As used herein, the term “Individual Master File (IMF)” means an ALC application that receives data from multiple sources.
As used herein, the term “Java Data Objects” means objects generated by the Data Extraction Tool which contain data necessary in a runtime environment.
As used herein, the term “Java Object Model (JOM)” refers to a multi-layered data structure which stores information derived from ALC schema about how data is stored in ALC physical memory. The Java Object Model (JOM) may be used to execute translated code and to trace the translated code back to the legacy ALC.
As used herein, the term “Java Runtime Environment” means a software package that contains what is required to run a Java program.

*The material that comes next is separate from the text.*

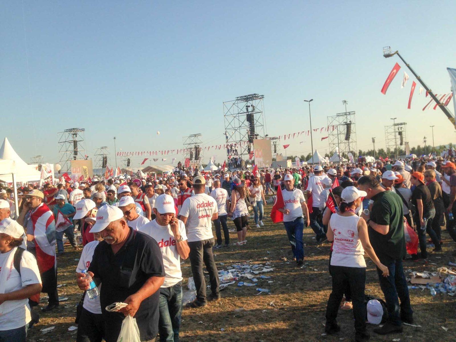 During the stay in Istanbul, also something else and really remarkable happened, which was not on the agenda of the program. The „big march for justice“ of the leader of the biggest opposition party (C.H.P) has arrived in the city and a few of the participants joined in. During the rally of Kemal Kilicdaroglu from Ankara to Istanbul (425km!), thousands of people have entered the march. At its final point in Istanbul, there was a huge demonstration. You could feel the tension in the air, but also hope. Lots of people called this a historic moment, when the peaceful protesters reminded the government, at the moment ruling by decree and intimidation, about the social contract: the citizens are willing to submit to the authority of the state in exchange for the protection of civil rights. Instead, in the last year since the coups d’etat, the Turkish democracy has shifted in another direction.

As used herein, the term “legacy language” means ALC or any language specific to a particular operating system which must be translated to an object-oriented programming language or another target language.
As used herein, the term “normalizing” means any process of conforming schema and logic within a programming language to any rule or standard, e.g., in furtherance of translation from one language to another.
As used herein, the term “rule(s) engine” means software to infer consequences or perform functions based on conditions or facts. There are also examples of probabilistic rule engines, including Pei Wang's non-axiomatic reasoning system, and probabilistic logic networks.
As used herein, the term “schema” means a description of the attributes and location of data.
As used herein, the term “self-modifying code” means code that alters its own instructions while it is executing, in which the self-modification is intentional.
As used herein, the term “sequential file format” means a set of logical sequential instructions.
As used herein, the term “SME” or “subject matter expert” means humans with training to perform verification and analysis, or to modify a computer program.
As used herein, the term “target language” means a language to which legacy code is translated.
As used herein, the term “Technical Rule Language (TRL)” means a script/procedure language specially designed to capture ALC constructs and provide a separation between ALC data and program flows, and to provide limited Java functions and class definitions to facilitate translation.
As used herein, the term “Tool” means a group of two or more related functions.
As used herein, the term “Translator Tool” means a group of functions to convert ALC execution logic into TRL using pattern recognition or configuration rules.
As used herein, the term “TRL/Java Engine” means a computer processor for executing Java code.
DETAILED DESCRIPTION OF THE INVENTIONStep 101 is the step of performing Analyzer functions on ALC program files containing logic code. The Analyzer Tool functions identify code structure and detect potential errors in files containing ALC logic code. In various embodiments, the ALC program files' sequential logical ALC instructions have been separated from data values,
Step 102 is the step of generating Reports of anomalies and their location. Examples of anomalies detected at this stage include auto-generated interface rules and auto-generated “looper” rules. In various embodiments, Reports may be generated to identify rules that are necessary to address constructs (if statements, for loops, and recursive code) that replace GOTO statements and branches to support flow control. Reports may further include information as to structures of detected and configured subroutines and Call Graphs of subroutines,
Step 103 is the step of iteratively examining the Report output from the Analyzer files and updating rule files based on anomalies identified in Reports. As anomalies are identified, Subject Matter Experts (SMEs) configure appropriate updated configuration rules to manually fix the issues.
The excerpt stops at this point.